John A. Affleck is an American former college sports coach. He coached baseball, men's basketball, and men's golf at Binghamton University, in addition to serving as an instructor and administrator. Under him, Binghamton's men's golf program qualified for nine NCAA Tournaments, including one in Division I. He is the only professor of physical education in the State University of New York (SUNY) system to have received the Chancellor's Award for Teaching.

Coaching career

Baseball
Affleck began his coaching career as the head coach of Harpur College's baseball program. (Harpur became part of the State University of New York system at the start of the 1965–1966 academic year, and was renamed State University of New York at Binghamton, as a result.) Affleck coached the school's baseball program for nine seasons (1964–1972) and had an overall record of 46-56-1. SUNY Binghamton had its first 10-win season under Affleck when it went 10-6 in 1971.

Men's basketball
At the start of the 1972–1973 academic year, Affleck left the baseball program to become the head coach of SUNY Binghamton's men's basketball program. He was the program's head coach for 11 seasons (1972–1973 to 1982–1983). His career record was 100-158. His teams finished with a winning percentage above .500 in only three of his eleven seasons, and they never finished better than .500 in SUNYAC play.

Men's golf
In 1985, Affleck started a club men's golf program at SUNY Binghamton. Under him, men's golf became a varsity sport at the school for the start of the 1988–1989 season. (In 1992, SUNY Binghamton began referring to itself simply as Binghamton University, and the change was reflected in the school's athletic programs.) He served as Binghamton's head coach for 15 seasons (1988–1989 to 2002–2003), in which the team won 69 tournaments and qualified for nine NCAA Tournaments. In seven NCAA Division III tournament appearances (1992–1998), Binghamton's highest finish was fourth place in 1993. The Bearcats also appeared in one Division II and one Division I tournament, as Binghamton's athletic program moved to higher divisions of the NCAA. In the 1999 NCAA Division II Northern Regional, Binghamton finished 11th out of 15 teams. In the 2003 NCAA Division I East Regional, Binghamton finished 22nd out of 27 teams.

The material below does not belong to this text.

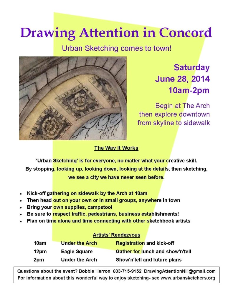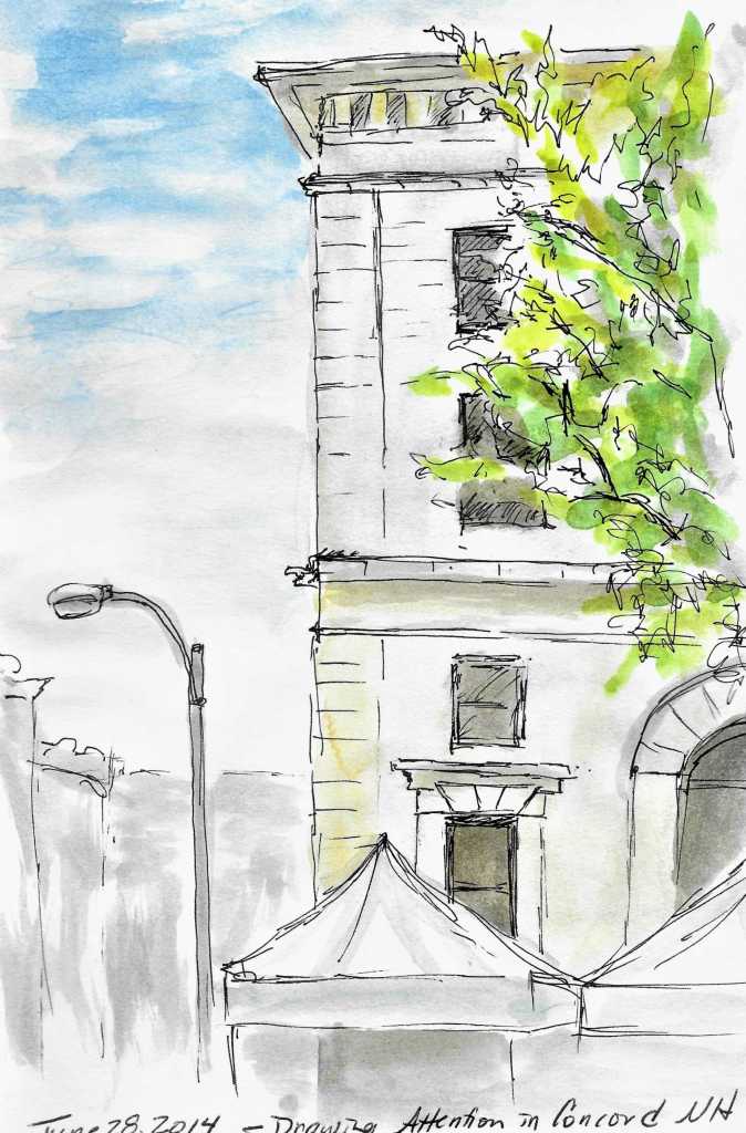 This afternoon we had the first meeting of the Drawing Attention Sketchers’ Group here in Concord. I’ve been planning this for a couple months, since mid-April, hoping to offer beginning and experienced artists a way to meet and have fun sketching together, outdoors, right here in our wonderful little city.

Affleck received individual recognition for his golf coaching career. He was named District Coach of the Year six times and the America East Conference Coach of the Year in 2003.

Head coaching record

Men's basketball
The following is a table of Affleck's yearly records as an NCAA head men's basketball coach.

Baseball
The following is a table of Affleck's yearly records as an NCAA head baseball coach.

Hall of fame inductions
Affleck was inducted into the Binghamton University Athletic Hall of Fame in 2003.

References

Living people
Binghamton Bearcats baseball coaches
Binghamton Bearcats men's basketball coaches
Binghamton University faculty
College golf coaches in the United States
Sportspeople from Niagara Falls, New York
Taylor University alumni
University of Michigan alumni
Year of birth missing (living people)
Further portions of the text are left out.